Here is a cleaned up example that recently sold on Ebay, hope this helps... Jim

 http://www.ebay.com/itm/LARGE-JUMBO-LIGHT-AMBER-POISON-BOTTLE-/171041179251?pt=LH_DefaultDomain_0&hash=item27d2d94673&nma=true&si=Vd5MQ%252BedlaYOqt9n0mxOyRAv%252FUc%253D&orig_cvip=true&rt=nc&_trksid=p2047675.l2557


----------



## Chadaimee (Jul 17, 2013)

Thank you for the information!  Is there a book or website to go to to find out the name that I see being assigned to other bottles.  Like. (k 54)?  We have many others that I would like to find out about.


----------



## epackage (Jul 17, 2013)

If you're interested in poisons this is a good book... It has the Kuhn(K) identification system you speak of. For any bottle info this forum is your best resource, you can post pics and ask about them or use the search feature at the top of the page to see what you have on your own....Jim


 http://poisonbottleclub.org/otherpages/bottlebook.html


----------



## cowseatmaize (Jul 17, 2013)

> Guess I will have to try when I get to a real computer not a mobile device.
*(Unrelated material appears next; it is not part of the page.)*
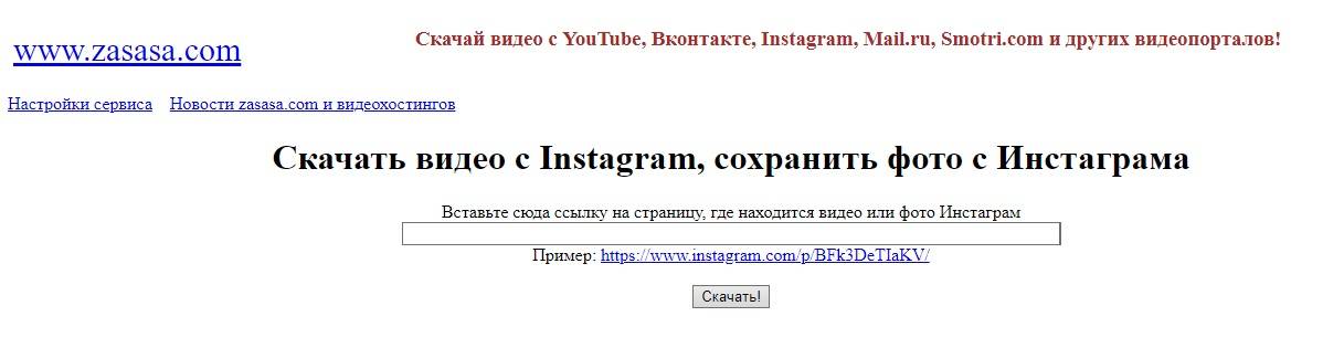 Используя Zasasa.com, можно скачивать контент не только с Instagram, но и с других развлекательных сайтов: Вконтакте, Yandex.ru, Mail.ru, Rutube и с прочих видео-порталов.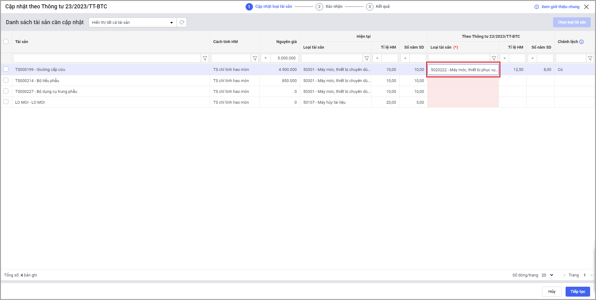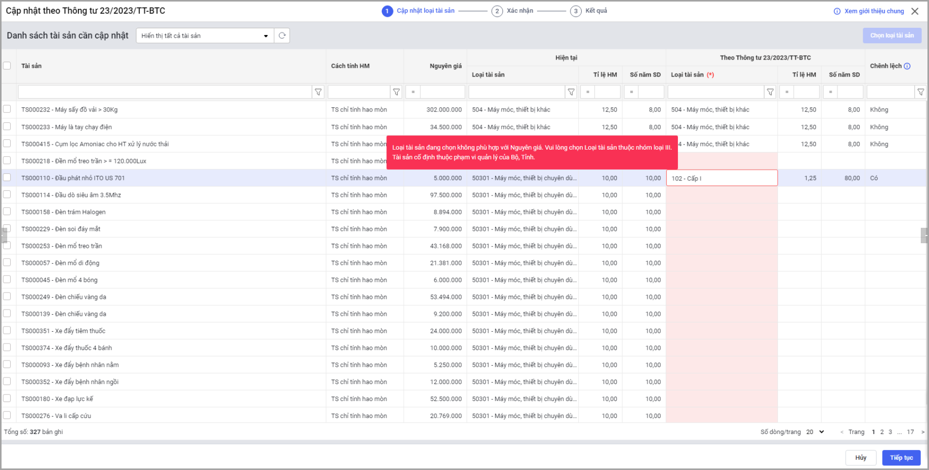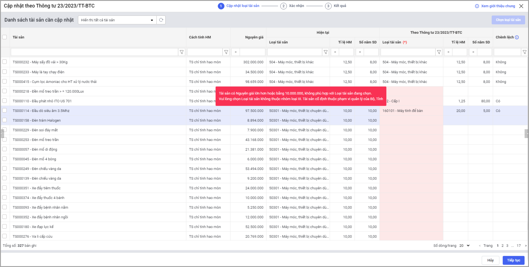 Tại menu Tài sản\Tùy chọn\Cập nhật tài sản theo TT/QĐ: tại Bước 2 Xác nhận, sau khi chọn Tiếp tục phần mềm kiểm tra Nguyên giá của tài sản có phù hợp với điều kiện Nguyên giá của Loại tài sản.

What is it with smart phones? I have a stupid one and I can still crop and stuff. 5 year old tracfones can't be that advanced.
 I don't get it.
 Anyway, welcome and I hope you find your answers.


----------



## Chadaimee (Jul 18, 2013)

I think I couldn't post cause of my lake of tech experience, not my phone's fault.  I figured it out now and was able to post a different bottle with pic.  Thanks for everyone's welcomes and help.  I can see where this could become an interesting hobby.


----------



## Poison_Us (Jul 20, 2013)

Welcome and congrats on the find.  Here is a post which can give you more info on your bottle.

 https://www.antique-bottles.net/forum/m-259585/mpage-1/key-/tm.htm#261385


----------